L’ex Orange que soutient depuis son parachutage l’alliance CGT/FO, continue le massacre.



L’ex Orange que soutient depuis son parachutage l’alliance CGT/FO, continue le massacre. 

Voilà aujourd’hui à quoi le soutien quasiment sans faille de l’alliance syndicale  CGT et de FO a conduit !

Depuis les révélations en mai 2015 dans « Atlantico » et « Médiapart » de la rencontre secrète Delphine Ernotte/Marc Chauvelot (pour la CGT) qui avait contraint ce dernier de sortir à l’époque un hallucinant feuillet qualifié de « mise au point », presque pas un CCE n’a eu lieu sans que l’alliance syndicale  FO - CGT apporte son soutien à l’ex Orange et adopte quasiment toutes les mesures proposées. 
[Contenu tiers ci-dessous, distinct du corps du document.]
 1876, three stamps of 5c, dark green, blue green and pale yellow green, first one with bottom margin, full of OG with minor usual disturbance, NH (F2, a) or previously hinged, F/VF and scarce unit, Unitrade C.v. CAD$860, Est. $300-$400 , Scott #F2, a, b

L’ex Orange qui accusait il y a quelques jours, le Gouvernement Macron de lui piquer 50 millions d’euros (*) tentant de lui mettre sur le dos sa décision d’arrêter les journaux locaux sur France 3,  va sûrement continuer la casse de l’entreprise, se revendiquant – elle aurait tort de ne pas en profiter  – de ses fidèles alliés.
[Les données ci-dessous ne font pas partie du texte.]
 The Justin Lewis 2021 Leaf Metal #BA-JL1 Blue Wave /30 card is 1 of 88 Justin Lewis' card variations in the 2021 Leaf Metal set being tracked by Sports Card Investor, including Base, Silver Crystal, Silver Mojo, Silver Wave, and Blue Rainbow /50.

Juste avant le weekend, les salariés de France 3 apprenaient que « France 3 allait supprimer ses éditions locales du Tarn, de Quercy-Rouergue et de Toulouse » mais également les JT locaux du Gard, du Pays Catalan, et de Montpellier dans l’ex-Languedoc-Roussillon, viennent d’être informés de la fermeture,  à compter du 1er janvier 2018, de l'édition Iroise l'une des premières antennes de proximité à voir le jour en région, il y a 25 ans, en 1992.

En plus de son siège à Brest, elle dispose aussi d'un bureau décentralisé avec quatre journalistes à Quimper permettant de couvrir l'actualité du Sud-Finistère. L'une des plus importantes rédactions locales de France 3 - sinon la plus importante - compte entre 15 et 20 salariés à être touchés.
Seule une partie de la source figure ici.